**Provided material**.
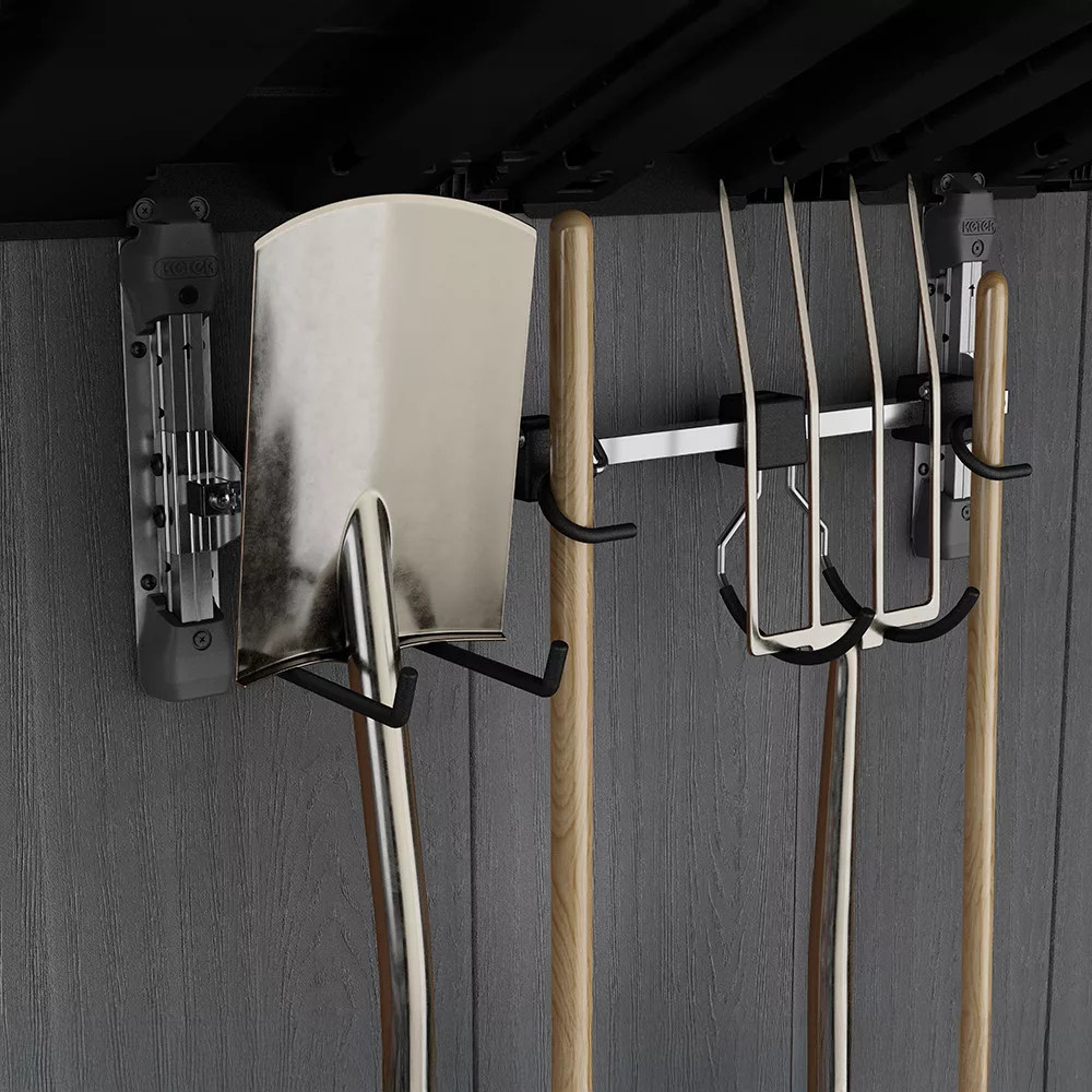 A csúsztatható, pozícióban rögzíthető kampóknak köszönhetően minden szerszám pontosan oda kerül, ahol a legpraktikusabb. Ásót, slagot, vagy egyéb kerti eszközöket is elhelyezhetsz rajta — teljesen személyre szabható rendszer!
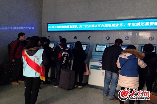 春運(yùn)期間,濟(jì)南站隨處可見穿著淺藍(lán)色或黃色背心的年輕人,他們有的在教旅客使用自動取票機(jī),有的在幫旅客提行李、指路。在攀談中記者了解到,他們分別來自濟(jì)南大學(xué)和中國志愿者協(xié)會。
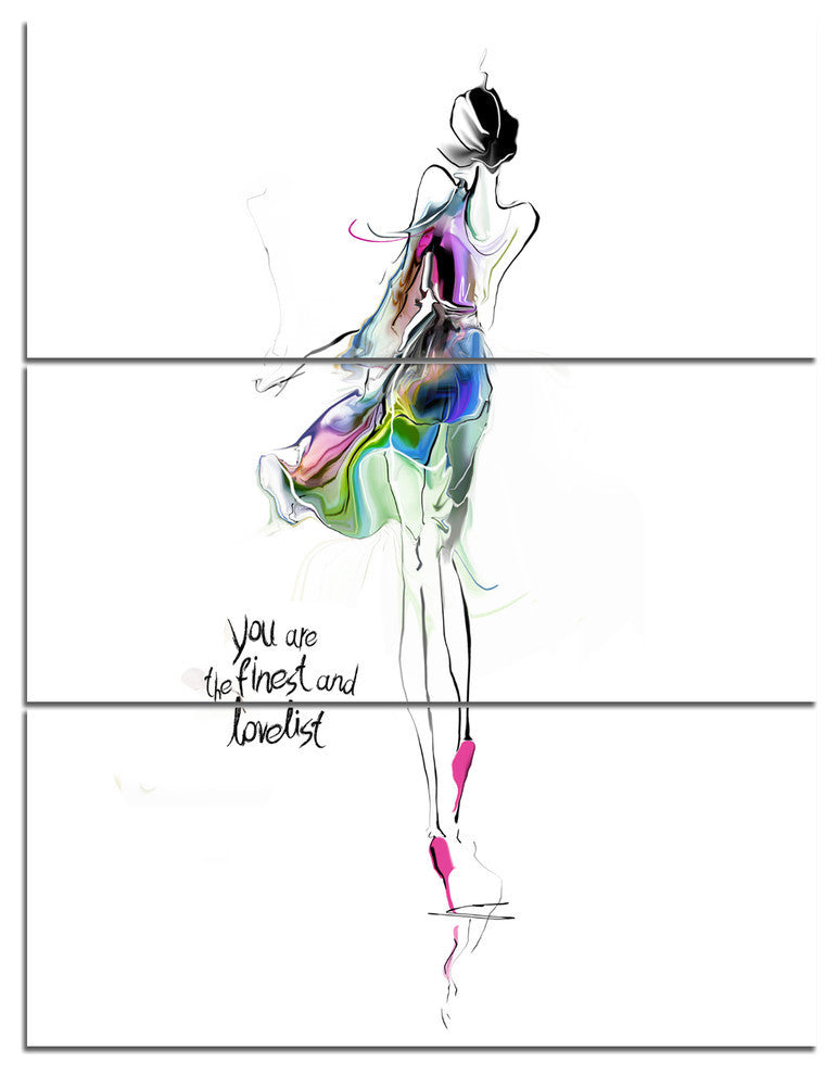 "Young Woman Green Purple" Digital Metal Wall Art, 3 Panels, 28"x36"

**Your objective**. Exactly as given, transcribe every line of the data, but not its images.

**Exercise solution**.
 A csúsztatható, pozícióban rögzíthető kampóknak köszönhetően minden szerszám pontosan oda kerül, ahol a legpraktikusabb. Ásót, slagot, vagy egyéb kerti eszközöket is elhelyezhetsz rajta — teljesen személyre szabható rendszer!
 春運(yùn)期間,濟(jì)南站隨處可見穿著淺藍(lán)色或黃色背心的年輕人,他們有的在教旅客使用自動取票機(jī),有的在幫旅客提行李、指路。在攀談中記者了解到,他們分別來自濟(jì)南大學(xué)和中國志愿者協(xié)會。
 "Young Woman Green Purple" Digital Metal Wall Art, 3 Panels, 28"x36"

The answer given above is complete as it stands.